= Ying Guo =

Chinese biostatistician

Ying Guo is a Chinese biostatistician specializing in biomedical imaging, neuroimaging, and high-dimensional data analysis. She is a professor of biostatistics and bioinformatics at Emory University, where she directs the Emory Center for Biomedical Imaging Statistics(CBIS).

==Education and career==
Guo graduated from Renmin University of China in 1998 and earned a Master's in statistics in 2000. She completed her Ph.D. in biostatistics at Emory University in 2004. Her dissertation, Assessing Agreement for Survival Outcomes, was supervised by Amita Manatunga.

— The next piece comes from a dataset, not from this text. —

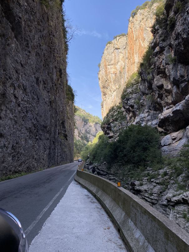 Die Aussicht ist an jeder Ecke grandios, steile Felsen, ähnlich den Dolomiten, steile Täler und Hänge und die Straße oft am Abgrund klebend. Kleine Tunnel wie am Gardasee - toll! Kurz vor Vielha dann ein paar Moppeds und wenige Radfahrer.

After continuing to work at Emory as a research assistant professor, she was offered a tenure-track position in 2006. Later, in 2014, she became acting director of the Center for Biomedical Imaging Statistics in 2014 and director in 2016. She became a full professor at Emory in 2019. At Emory, Guo has maintained longstanding and active collaborations with two other female biostatisticians Amita Manatunga and Limin Peng. Guo’s research develops advanced statistical methods for complex biomedical data, with a focus on brain function, Connectome, mental health, and neurodevelopment, and translates these innovations into impactful public health applications.

==Recognition==
Guo was the president of the Georgia chapter of the American Statistical Association for 2017–2018. In 2018, she was elected as a Fellow of the American Statistical Association. She was also the elected chair of the ASA Statistics in Imaging program in 2021.. She received the Michael H. Kutner Distinguished Alumni Award in 2023.